The Sapheos Project
Dr. Randall Cream, Dr. Song Wang, Jarrell Waggoner, Jun Zhou
Center for Digital Humanities and Department of Computer Science
University of South Carolina
Updated August 2nd, 2010
[PDF version]
The Sapheos Project is a NEH-funded project that's trying to use advanced digital image processing techniques to automatically analyzing historical documents. The analyzing system includes linking document image with text that's recorded in XML TEI and collating large sets of images that may vary in terms of quality and size. Compared to other solutions, it’s a pure software approach with minimal user intervention.
Since September 2009, the Center for Digital Humanities together with the Department of Computer Science at the University of South Carolina are exploring possible prototypes for this system. In this paper, we first outline the steps and methods that we have adopted and then discuss our preliminary results.
Linking image with text involves document image segmentation and recording the segmentation information (xy-coordinates values) in TEI XML. Here XML file serves not only as a container for the result, but also as a reference to segmentation procedure. For example, <hi rend="face(ornamental)"> in XML represents that's a large ornamental letter image that may cross multiple lines. <lg> and <l> indicate the content is a poem that should be treated as a line instead of a paragragh if the paragraph is judged by indent from the beginning. There are so many cases to consider that it's impossible to include all of them in this project. We intended to segment paragraphs [code] out of the document image [Figure 1] and the result is writen in a file for further integrating into the result XML file.
Figure 1
This figure indicates the result of stanza (paragraph) segmentation.
Automatic image collation or theoretically automatic image registration is the crown of our project. With two similar images, the target and the template, placed side by side, we select about 70 to 100 pairs of matching points that are evenly distributed across the images. [Figure 2] We register the target image to the template image and perform a thin-plate-spline transformation [code] . Once matching points or landmarks are precisely selected, the target can be perfectly warped to the template, and the variants will be shown as blurs on the collated image. [Figure 3]
Figure 2
This figure demonstrates the program's ability to purposefully deform a curved image to an acceptable standard, and by doing so it allows the users to handle images that are not necessarily scanned to a predetermined standard. The process allows for variances due to lighting or even page curvature. The crosshairs represent anchor points within the text around which the standardization process takes place.
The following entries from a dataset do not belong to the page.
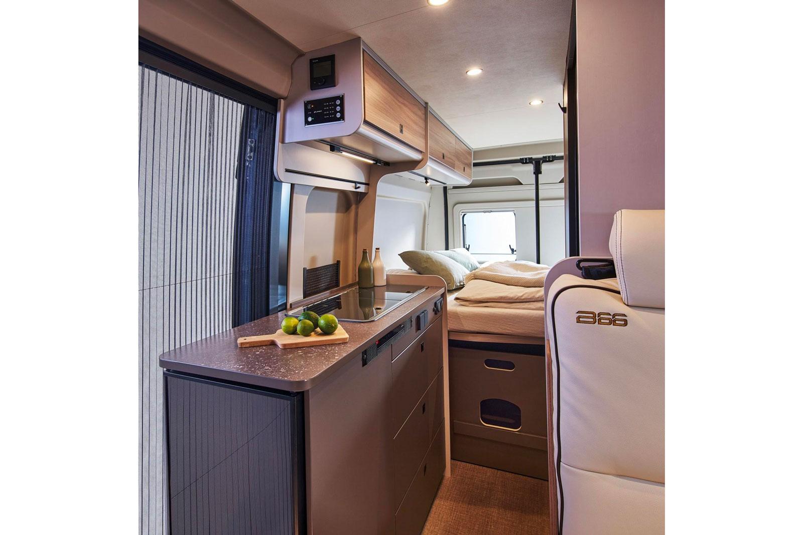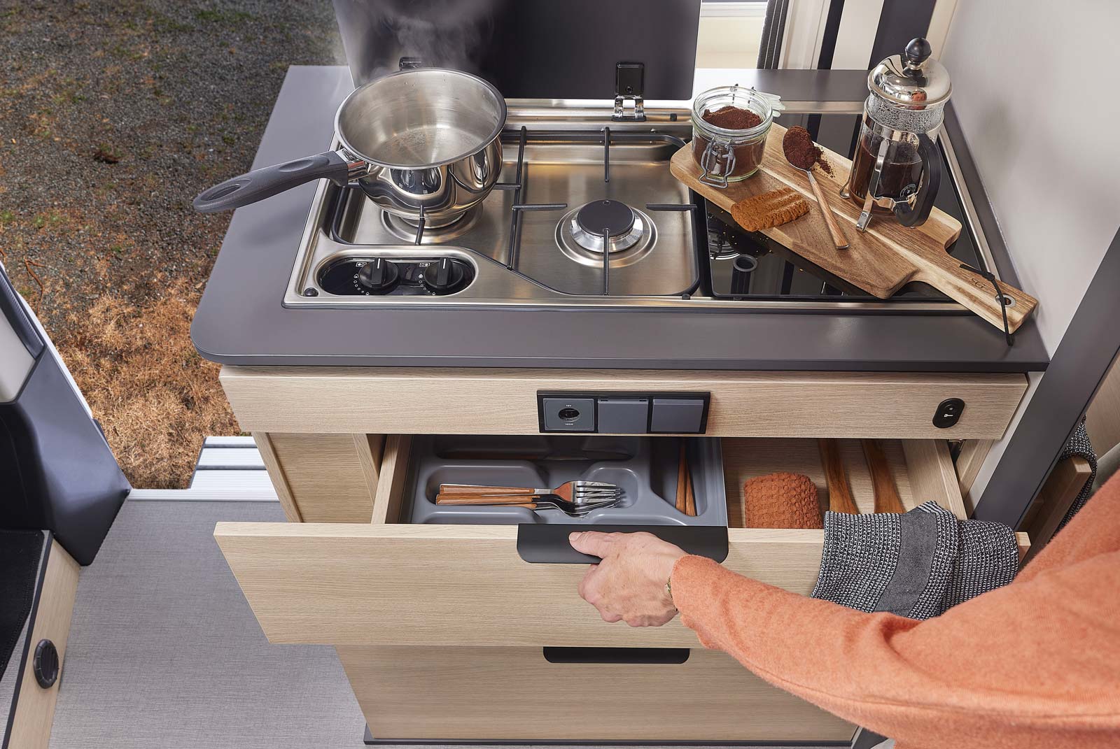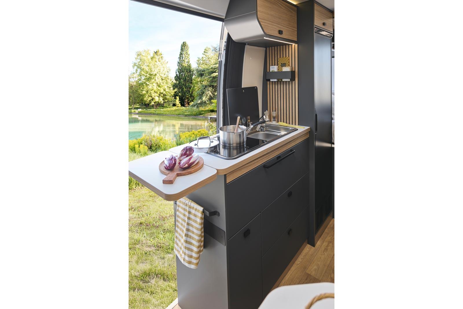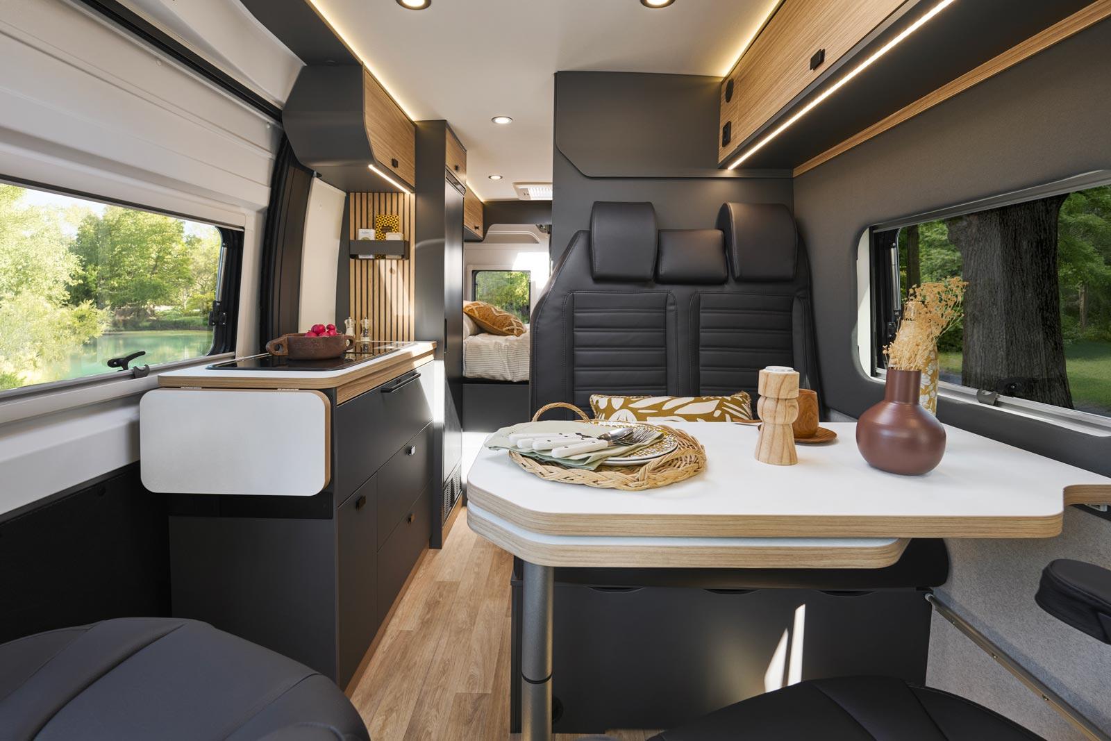 • pack Confort : moustiquaire pour la porte latérale, prédisposition pour la caméra de recul, réservoir eaux usées isolé et chauffé, éclairage extérieur LED et système de gouttière pour la porte coulissante, caillebotis de douche en bois, habillage des parois de la chambre à coucher arrière en simili cuir, tablette rabattable dans la cuisine
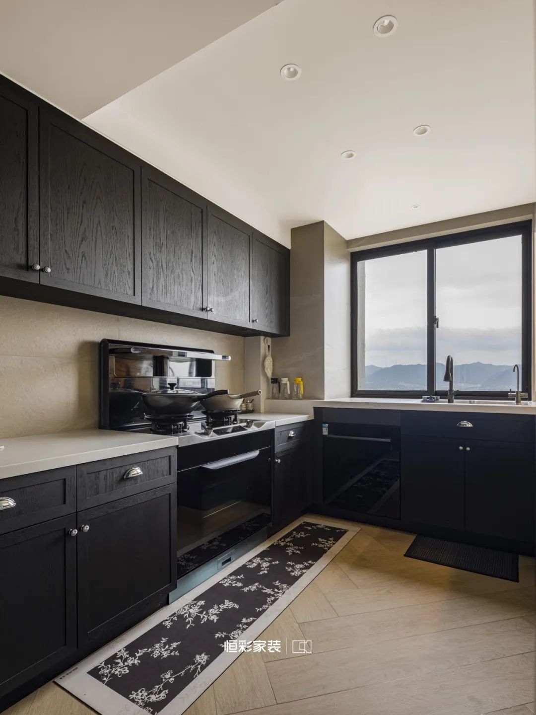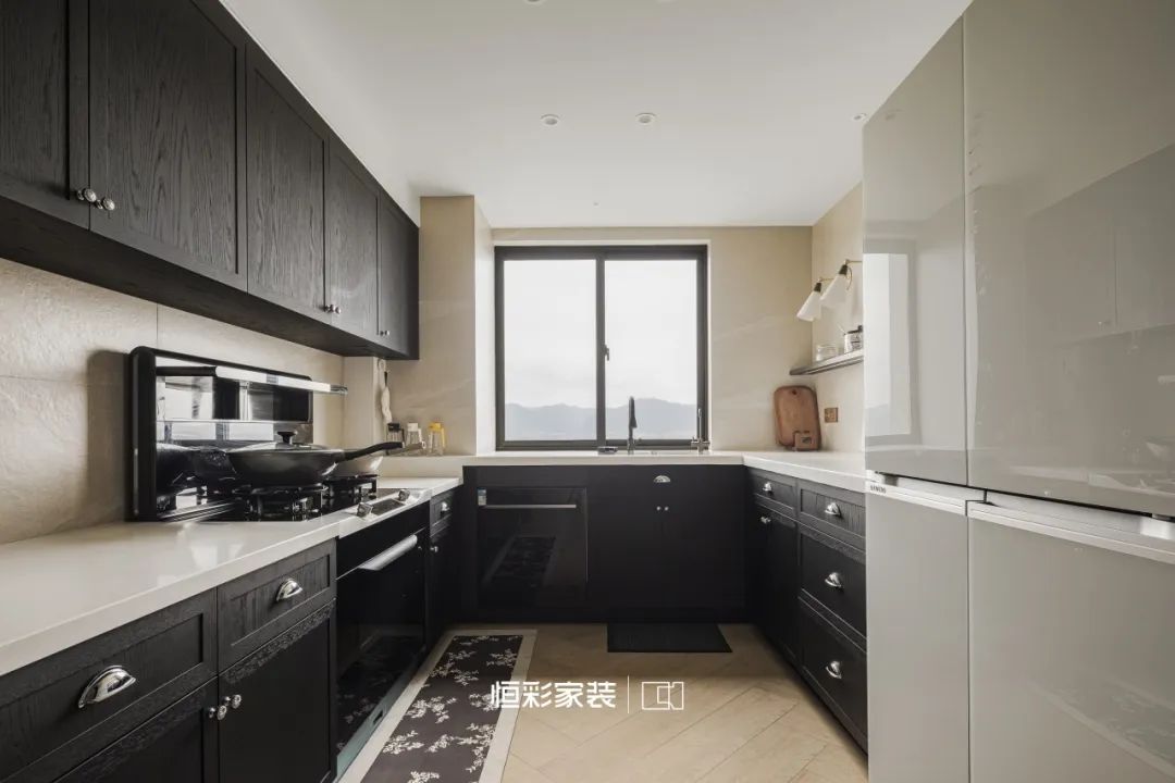 纯白台面奶呼呼的令人心动,厨房U型台面,白与黑好似画家的调色板,宛若天成刚柔并济,黑色橱柜如远山剪影般沉稳内敛。
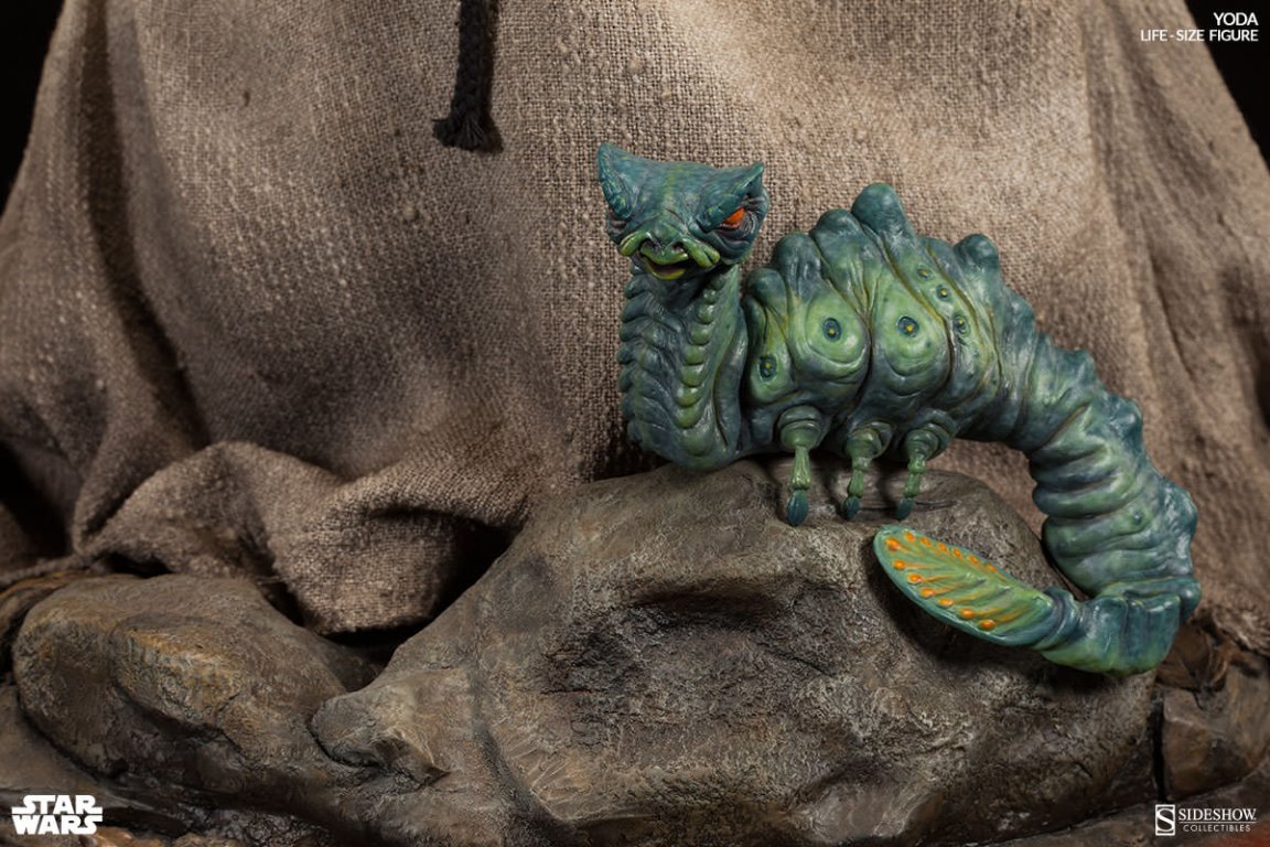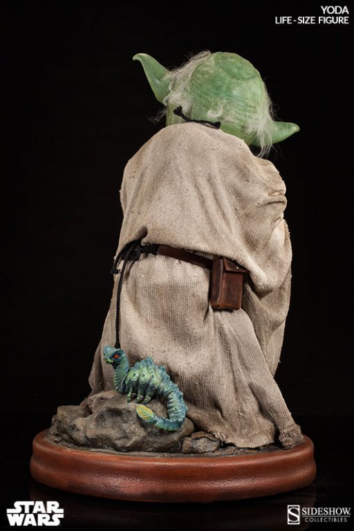 Sideshow’s artists have perfectly captured the magic of Frank Oz’s original puppet in this magnificent replica, with features so realistic that you'll expect him to spring to life at any moment. Standing 32 inches tall on a Dagobah themed environment base (complete with colorful morp critter), Sideshow’s life-size Yoda replica is a dream come true for any Star Wars collector!
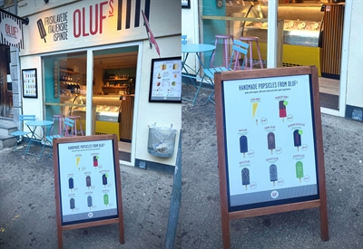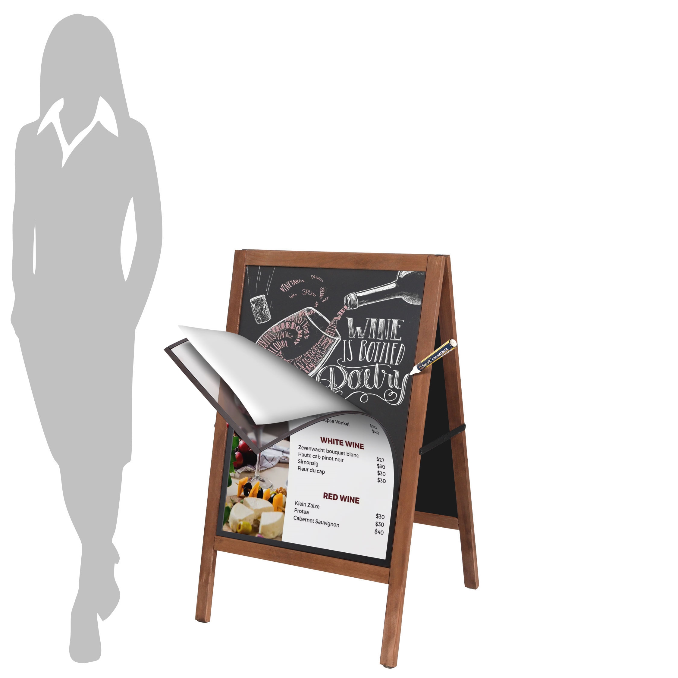 Denne fantastiske, allsidige gatebukken kan brukes både som en tradisjonell gatebukk med 50x70 cm plakater eller som et krittavleskilt som kan skrives på med kritt eller krittusjer.
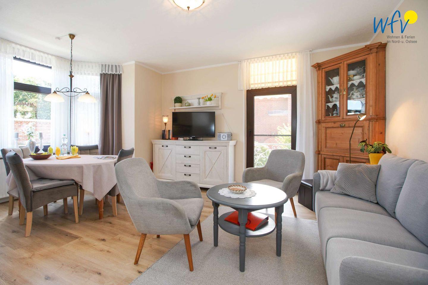Gemütliche Ferienwohnung "Sandburg" auf Borkum mit Terrasse und Garten, ideal für entspannte Urlaubstage an der Nordsee.
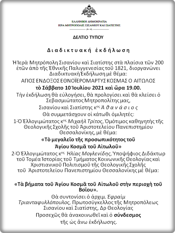 Διαδικτυακή εκδήλωση με θέμα “ΑΓΙΟΣ ΕΝΔΟΞΟΣ ΕΘΝΟΪΕΡΟΜΑΡΤΥΣ ΚΟΣΜΑΣ Ο ΑΙΤΩΛΟΣ” διοργανώνει η Ιερά Μητρόπολη Σισανίου και Σιατίστης στα πλαίσια της επετείου των 200 ετών από την Εθνική Παλιγγγενεσία του 1821, το Σάββατο 10 Ιουλίου 2021 και ώρα 19:00.
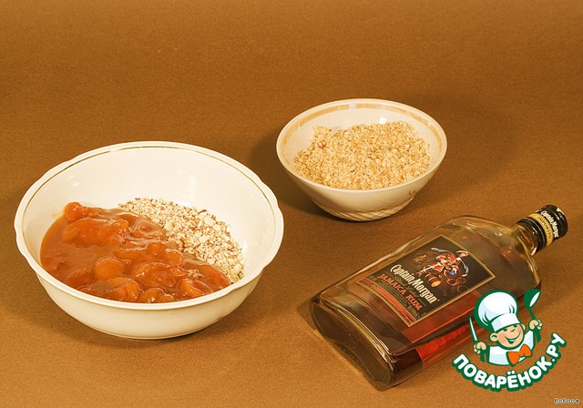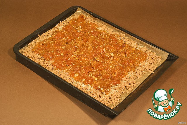 На противень выкладываем промасленный пергамент и натераем на терке темное тесто, которое сверху посыпаем оставшимся печеньем. Выкладываем начинку. Сверху опять натераем но уже светлое тесто. Подравниваем края и ставим в духовку на 30 мин. при температуре 180 -200 градусов.
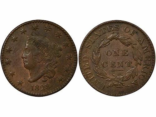 Pièce USA Cent, Coronet / Matron, Type 1 - 1828 Philadelphie
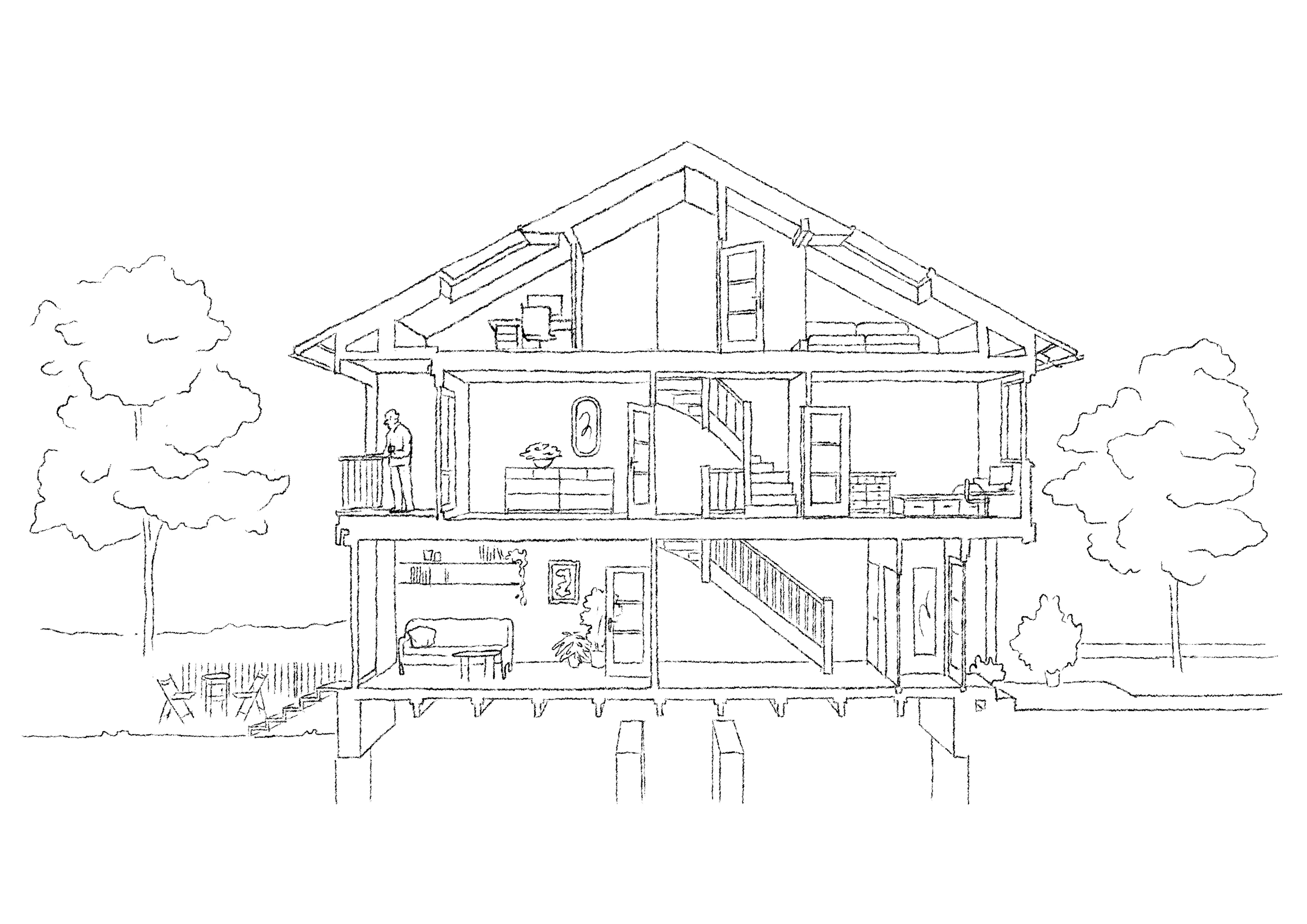 Zapuštěnému vstupu a lodžii naopak propůjčují jemnější měřítko drážkovaná omítka a úzké modřínové palubky. Autoři, tehdy inspirovaní architekturou Skandinávie, použili na fasádách, v jejichž blízkosti se pohybujeme, materiál příjemný na pohled i dotek. Dřevěný obklad na svislo je typický pro architekturu poloviny století, tzv. "mid-century modern", a to v exteriéru i interiéru. Architektura a design této doby je nadčasový a dodnes populární.
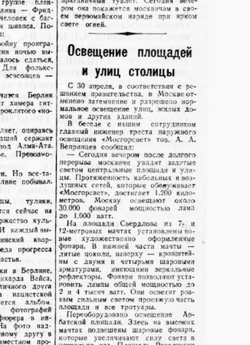 С 30 апреля, в соответствии с решением правительства, в Москве отменено затемнение и разрешено нормальное освещение улиц, жилых домов и других зданий. В беседе с нашим сотрудником главный инженер треста наружного освещения «Мосгорсвет» тов. А. А. Вепринцев сообщил: — Сегодня вечером после долгого перерыва москвичи увидят залитые светом центральные площади и улицы. Протяженность кабельных и воздушных сетей, которые обслуживает «Мосгорсвет», достигает 1200 километров. Москву освещают около 30 000 фонарей мощностью ламп до 1000 ватт. На площади Свердлова на 7- и 12-метровых мачтах установлены художественно оформленные фонари. В нижней части мачты — литые цоколи, наверху — кронштейны с двумя и четырьмя шаровыми арматурами, имеющими зеркальные рефлекторы. Фонари позволяют установить лампы общей мощностью до 2 и 4 тысяч ватт. Они осветят ровным сильным светом проезжую часть площади и все тротуары. Переоборудовано освещение Aрбатской площади. Здесь на высоких мачтах подвешены шаровые фонари,
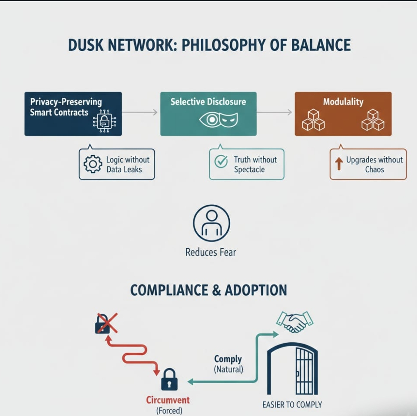 The thinking behind Dusk feels deeply human. Instead of chasing extremes, the design chooses balance. Privacy preserving smart contracts allow logic to function without leaking data. Selective disclosure allows truth without spectacle. Modularity allows upgrades without chaos. Every choice points to a belief that infrastructure should reduce fear, not introduce it. I’m drawn to how this removes ideological tension. Institutions are not framed as outdated or slow. They’re treated as careful for good reason. If it becomes easier to comply than to circumvent, adoption stops feeling forced and starts feeling natural.
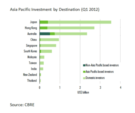 Jones Lang LaSalle数据显示,2012年第一季度澳大利亚对办公楼,零售和工业的投资总量达20.8亿澳元,与此相比,2011年同期只有14亿澳元。这段时间,澳大利亚对海外投资者来说是几个首选投资目的地之一,仅次于日本和香港。

In the following, we focus on the problem of how to automatically and precisely select matching landmarks. Initial landmarks are selected by a popular
scale-invariant feature transformation (or SIFT)
[SIFT Package] algorithm. It’s fast, robust to scaling, rotation, illumination and local geometric distortion. About 1000 matches can be identified for each image pair with the use of this algorithm. Most image pairs are either outliers or redundant. We have developed our own scoring system to obtain final matches
[CODE]. First, we remove duplicate matches based on x-y coordinates. Second, we run a regression test across all non-duplicated matches. The regression test is to score matches by what effect the match has on the resulting thin-plate-spline matrix transformation. A certain number of matches that score poorly are then removed
[CODE]. Third, we run a local filter on the remaining matches. The local filter classifies matches by k-nearest neighbors algorithm (or k-NN). When compared to its nearest neighbor, any match that is beyond the threshold score is removed
[CODE]. After that, a grid of 3x6 is applied to each page. In each cell, matches are sorted locally. Low score matches are discarded. The last step partially ensures that matches are evenly distributed.
The software is implemented with Matlab, a high-level technical computing language. It is tested on eight different copies of “The Farie Quene”, printed in the sixteenth century in Europe, with the support from Spenser Archive project. Book images were taken by a camera held perpetual to the book. They are naturally warped, especially those close to the center.
To get a clean result, we preprocessed those images before collation, including cutting boundaries, scaling, and rotating, splitting two-page images into a one-page image. These steps are all done automatically by traditional image processing methods.
We randomly selected 284 pages from the books and performed a two-page collation. These pages have 9 variants in total. Our testing result shows that all 9 variants are indentified correctly [Figure 3]. However, there are also a large number of false positives [Figure 4], which significantly affect the performance of our software. These false positives are either due to limitation of SIFT algorithm or due to the page quality. SIFT tends to get less feature along the edges, which lead to inadequate matches selected there. Bad image quality appears to be the more important factor that causes false positives, ink bleeding, bad warping, handwriting, blurred characters, water marks, fire marks, even unequal space between similar characters, etc. All these issues are quite common among medieval books. Although it is impossible to eliminate false positives, we are continuing to refine our methods to better deal with these issues. New issues may come up when we try more images. Although we have made big strides, a lot of challenges remain.
Figure 3
This figure shows variant at the first line. It shifts about two characters when compared to each other.
Figure 4
This figure shows that the edge of page has 3 false positives (SIFT limitation) and the middle has 2 false positives (quite possible due to strong ink bleed on one image).